Scientists Discover Incredibly Rare Whale Population Using Nuclear Bomb Detectors


Although blue whales are the largest marine animals in existence, they are notoriously elusive. But scientists at the University of New South Wales (UNSW) in Australia believe they’ve discovered a whole new population in the central Indian Ocean.

The new population is made up of an unknown number of pygmy blue whales. Pygmy blue whales, as their name suggests, are the smallest subspecies of blue whales. In this context, however, “small” is a relative term. Their beefier parents might outshine them by tens of inches and pounds, but pygmy blue whales can still reach 24 meters (around 79 feet). That’s almost the length of two standard buses, according to the UNSW press room.

“We don’t know how many whales make up this group, but we think it’s a lot by the huge number of calls we hear,” UNSW professor and lead author Tracey Rogers told the newsroom. of the study.

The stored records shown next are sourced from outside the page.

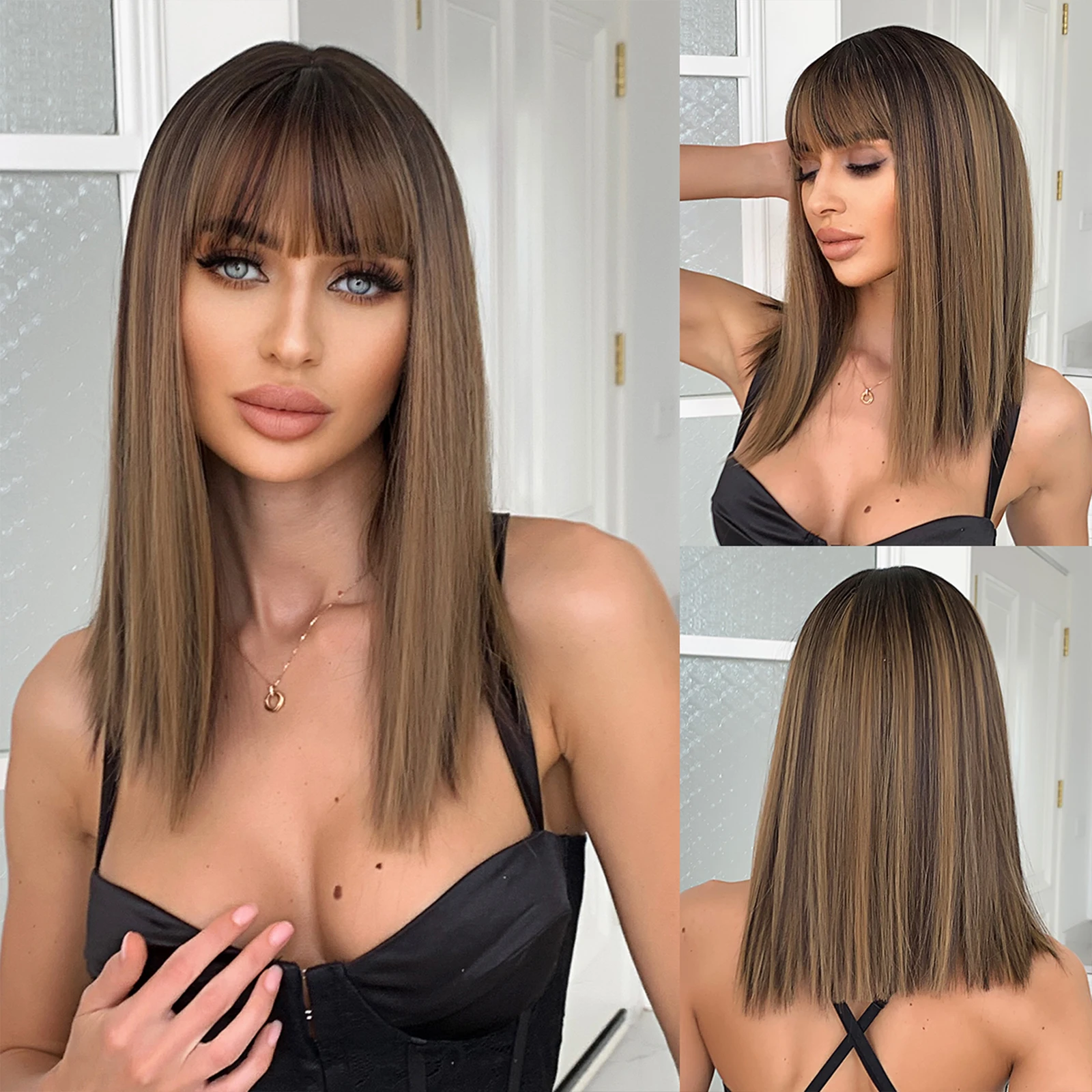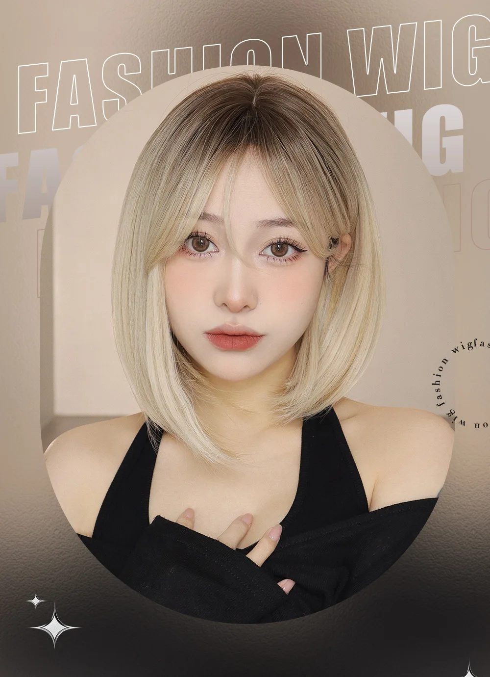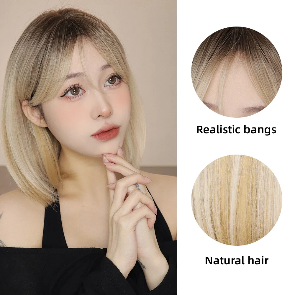 Short Blonde Highlight Bobo Wig for Women Straight Natural Party Daily Wig with Bangs Soft Cosplay Synthetic Hair Heat Resistant
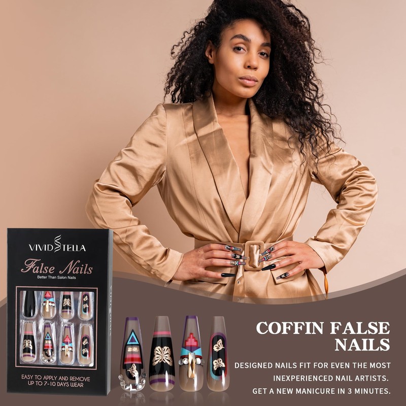 - 【Affordable Coffin Set】Extra long artificial false nailswith professional-quality, precise, and super comfortable shape that’s hassle free. Show you a attractive look and a nice manicure experience.
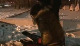 拍客:醉酒女子夜臥雪地
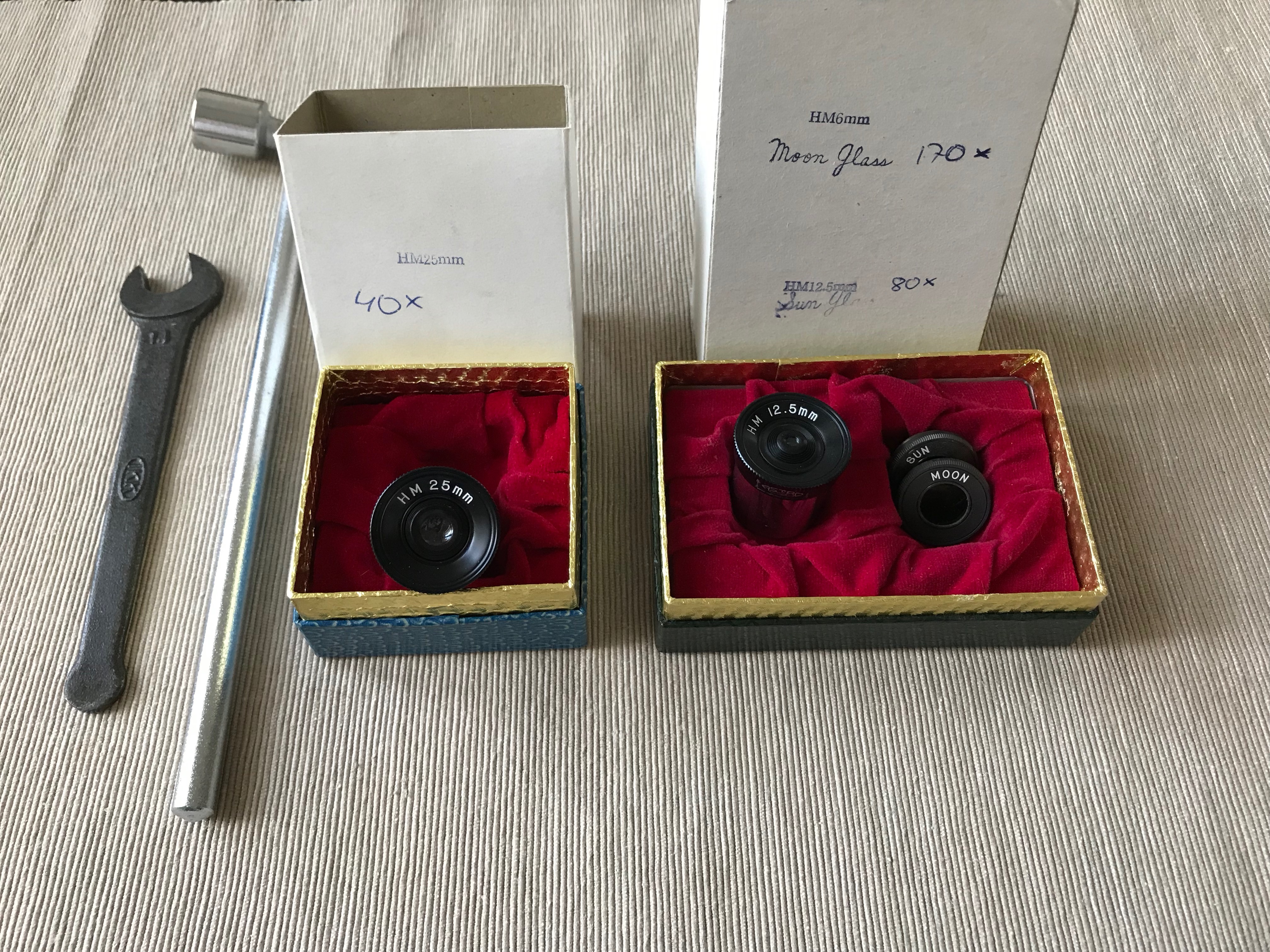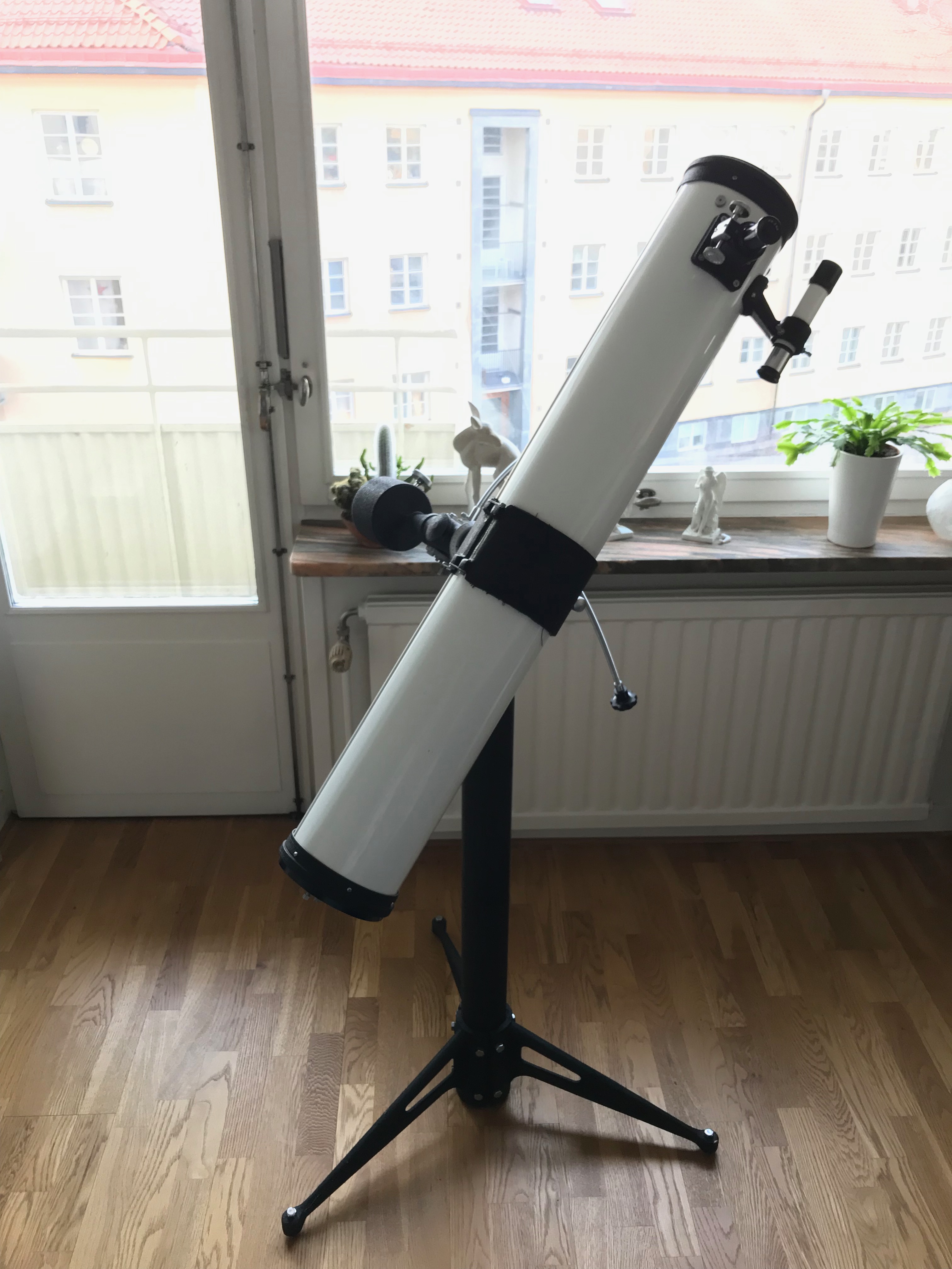 Kul att känna igen själva stativhuvudet som är identiskt med det jag har på min gamla 80 mm refraktor från 1966. Fast jag har mycket gungiga träben i stället för pelaren. Även okularen är mycket tidstypiska...Tvivlar dock på att det finns något större samlarvärde?

Rogers and colleagues published their analysis in the scholarly journal Scientific reports April 22. If visual sightings confirmed their findings, the new pygmy blue whale population would be the fifth to be identified in the region, according to the editorial staff.

A rare blue whale makes a breach off the California coast. A new population of a smaller subspecies, the pygmy blue whale, has been discovered in the central Indian Ocean.
David McNew / Getty Images

Rogers and his colleagues were reviewing data gathered by the Preparatory Commission for the Comprehensive Nuclear-Test-Ban Treaty Organization (CTBTO), a collective formed in 1996 to monitor nuclear bomb tests when their suspicions were aroused. One of the most useful weapons in the CTBTO arsenal is the hydrophone, a sophisticated technology that essentially functions like an underwater microphone. Hydrophones record the sound waves created by nuclear bomb testing, but they also pick up many other noises, including those emitted by marine animals.

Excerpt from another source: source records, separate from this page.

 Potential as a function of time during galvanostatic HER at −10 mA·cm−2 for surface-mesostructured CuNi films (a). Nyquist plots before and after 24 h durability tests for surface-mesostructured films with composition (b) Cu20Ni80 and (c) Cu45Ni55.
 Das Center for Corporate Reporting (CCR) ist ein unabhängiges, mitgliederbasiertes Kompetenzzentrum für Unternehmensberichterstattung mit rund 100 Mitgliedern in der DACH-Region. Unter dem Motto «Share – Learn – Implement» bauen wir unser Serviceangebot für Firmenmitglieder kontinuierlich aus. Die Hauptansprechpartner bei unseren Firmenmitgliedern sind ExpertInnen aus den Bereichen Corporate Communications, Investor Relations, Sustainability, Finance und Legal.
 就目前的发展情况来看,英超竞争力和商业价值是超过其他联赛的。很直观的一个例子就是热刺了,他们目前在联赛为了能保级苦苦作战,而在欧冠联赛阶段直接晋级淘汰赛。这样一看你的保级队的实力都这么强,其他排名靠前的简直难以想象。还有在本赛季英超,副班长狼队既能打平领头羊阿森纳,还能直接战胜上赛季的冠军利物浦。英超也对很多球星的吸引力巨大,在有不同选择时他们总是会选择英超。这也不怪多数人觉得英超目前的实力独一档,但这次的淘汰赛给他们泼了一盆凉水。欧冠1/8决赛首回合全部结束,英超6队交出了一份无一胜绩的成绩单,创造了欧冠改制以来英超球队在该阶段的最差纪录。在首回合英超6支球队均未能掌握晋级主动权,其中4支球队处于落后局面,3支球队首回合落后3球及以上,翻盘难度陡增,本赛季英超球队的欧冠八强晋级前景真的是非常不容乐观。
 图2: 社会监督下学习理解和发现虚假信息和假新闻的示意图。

During their examination, Rogers and his colleagues heard a whale song that differed from those sung by the three populations of blue whales and the four populations of Omura whales known to inhabit the area. Far from being interchangeable, whale songs are unique in sonic characteristics such as tempo, structure and frequency, according to the newsroom.

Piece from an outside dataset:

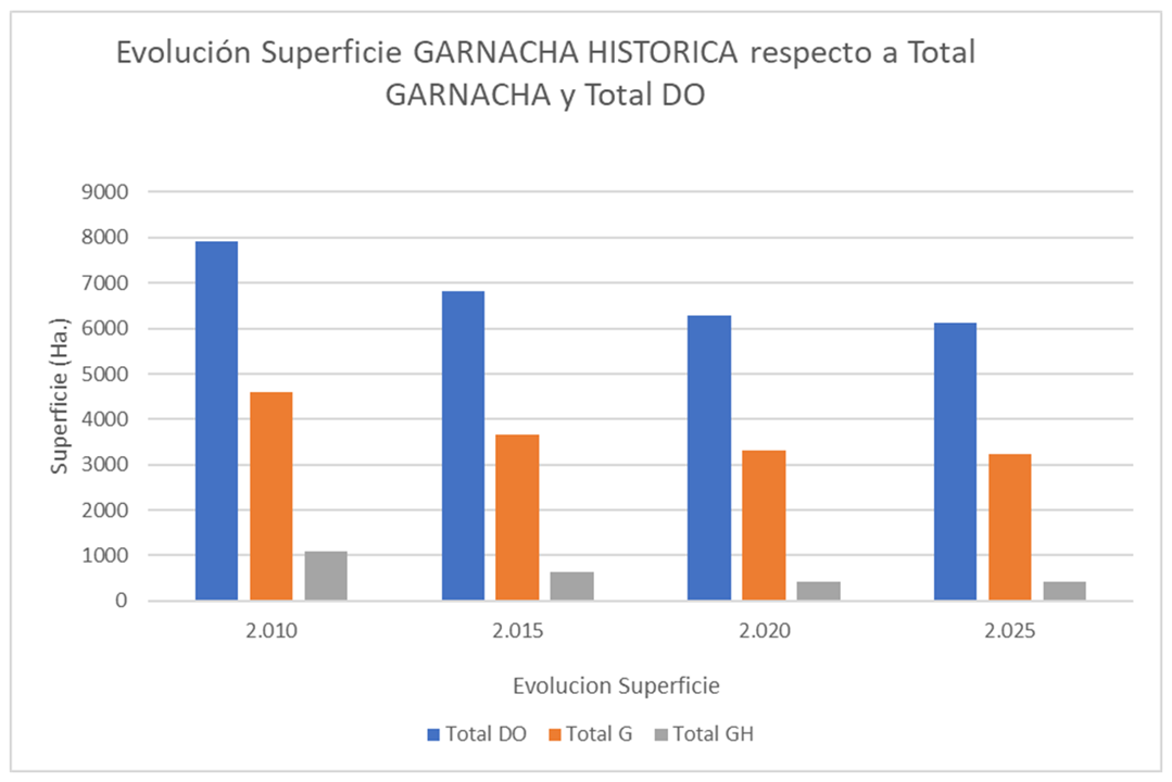 Between 2010 and 2025, the area under vine in DO Campo de Borja shrank by 22%, but the decline of its flagship variety has been even more alarming. Garnacha plantings fell by 30%, while old vines suffered dramatic losses of 60%. In the space of 15 years, the number of Garnacha vines over 35 years old has plummeted from 1,000 to 425 hectares.

“We still don’t know if they were born with their songs or if they learned it,” Rogers said. “But it is fascinating that in the Indian Ocean animals cross paths all the time, but whales from different regions still retain their distinctive songs. Their songs are like a fingerprint that allows us to follow them when they are travel thousands of kilometers. “

Marine biologists estimate that less than 0.15% of blue whales in the southern hemisphere have survived the whaling age. Their numbers, Rogers said, are still recovering.